**Data**
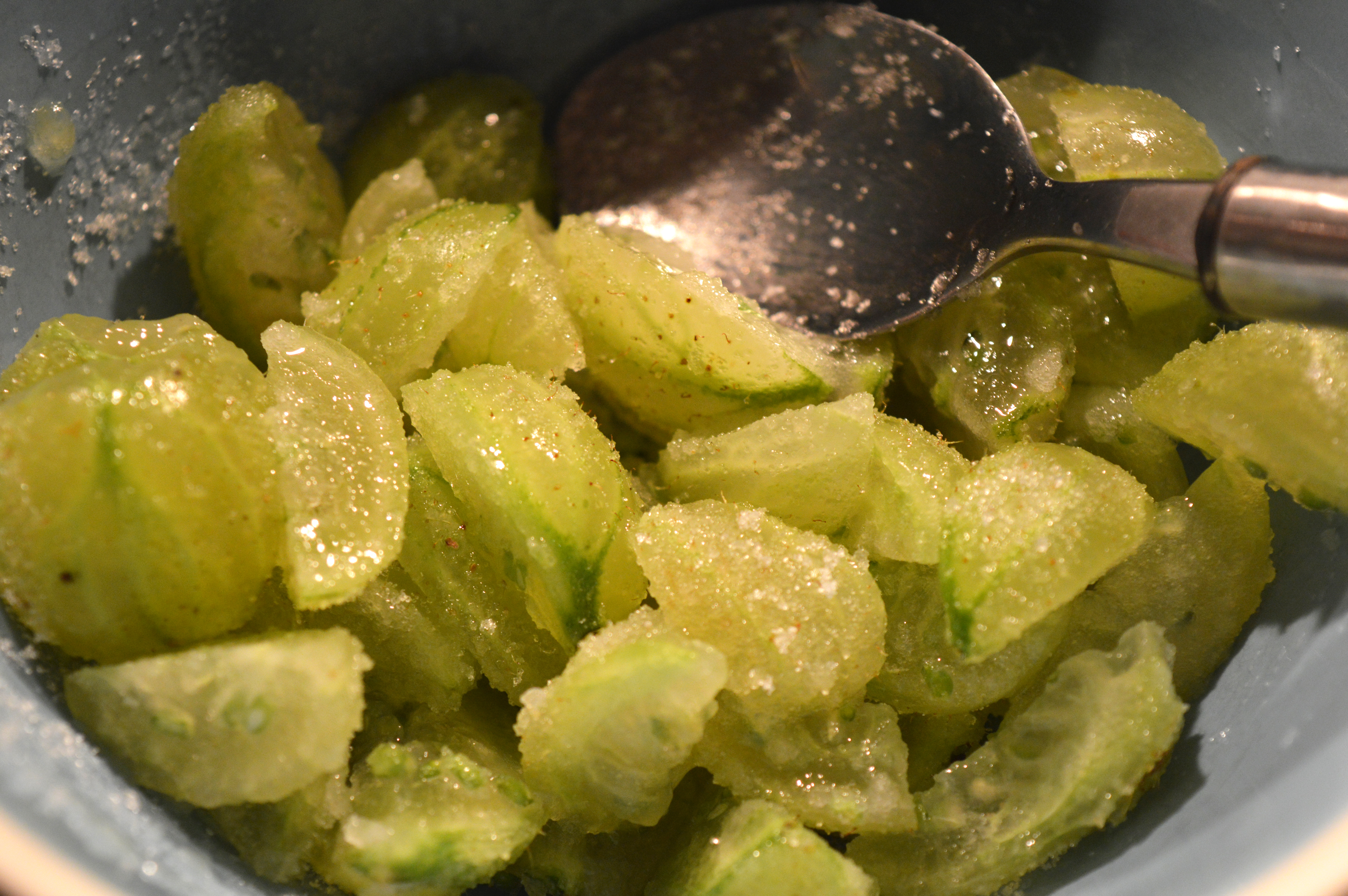 Chop the gooseberries into about eighths or which ever little division you want. Pop them into a bowl with the tablespoon of sugar and stir. Leave to one side while you do the rest.
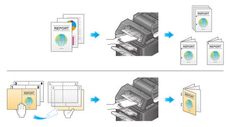 Las opciones de perforación están disponibles junto con las opciones de grapado en la esquina o de grapado en 2 posiciones.
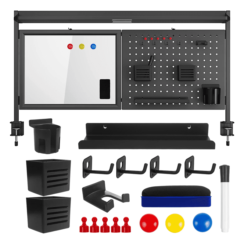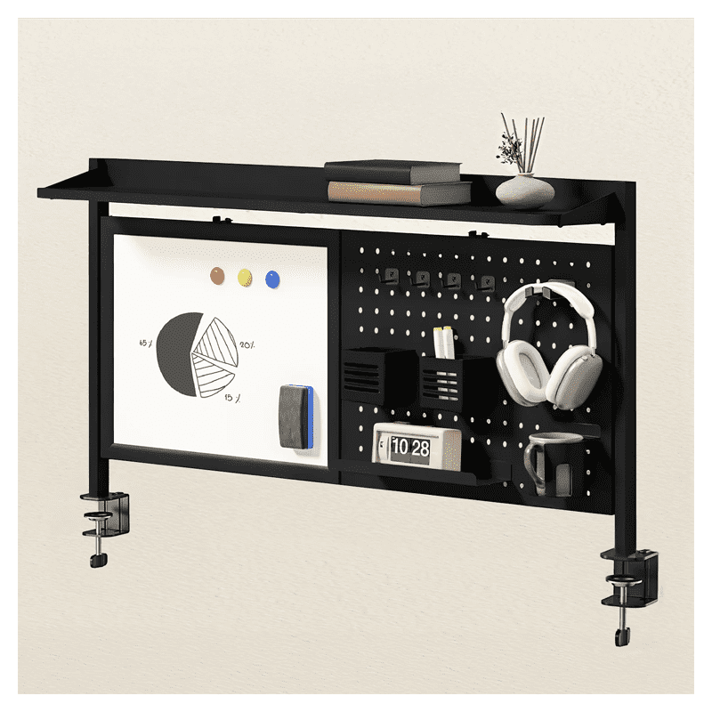 Večnamenski organizator za mizo ER-301B je kompaktna in izjemno praktična rešitev za ljudi, ki želijo organizirati svoj delovni prostor in imeti vse potrebne dodatke na dosegu roke. Osrednji del organizatorja ER-301 je magnetna tabla za suho brisanje, na katero lahko priročno pišete zapiske z markerjem (priložen) in jih brišete z gobico. Zraven je perforirana kovinska plošča, ki omogoča prosto razporejanje dodatkov. Opremljen je s štirimi kavlji, dvema posodicama za pisala, držalom za skodelice, polico ter kompletom 5 magnetnih zatičev in 3 magneti, kar vam daje popolno organizacijsko svobodo.

**Exercise details**
An exact copy of the material above is required, minus its images.

**Your solution**
 Chop the gooseberries into about eighths or which ever little division you want. Pop them into a bowl with the tablespoon of sugar and stir. Leave to one side while you do the rest.
 Las opciones de perforación están disponibles junto con las opciones de grapado en la esquina o de grapado en 2 posiciones.
 Večnamenski organizator za mizo ER-301B je kompaktna in izjemno praktična rešitev za ljudi, ki želijo organizirati svoj delovni prostor in imeti vse potrebne dodatke na dosegu roke. Osrednji del organizatorja ER-301 je magnetna tabla za suho brisanje, na katero lahko priročno pišete zapiske z markerjem (priložen) in jih brišete z gobico. Zraven je perforirana kovinska plošča, ki omogoča prosto razporejanje dodatkov. Opremljen je s štirimi kavlji, dvema posodicama za pisala, držalom za skodelice, polico ter kompletom 5 magnetnih zatičev in 3 magneti, kar vam daje popolno organizacijsko svobodo.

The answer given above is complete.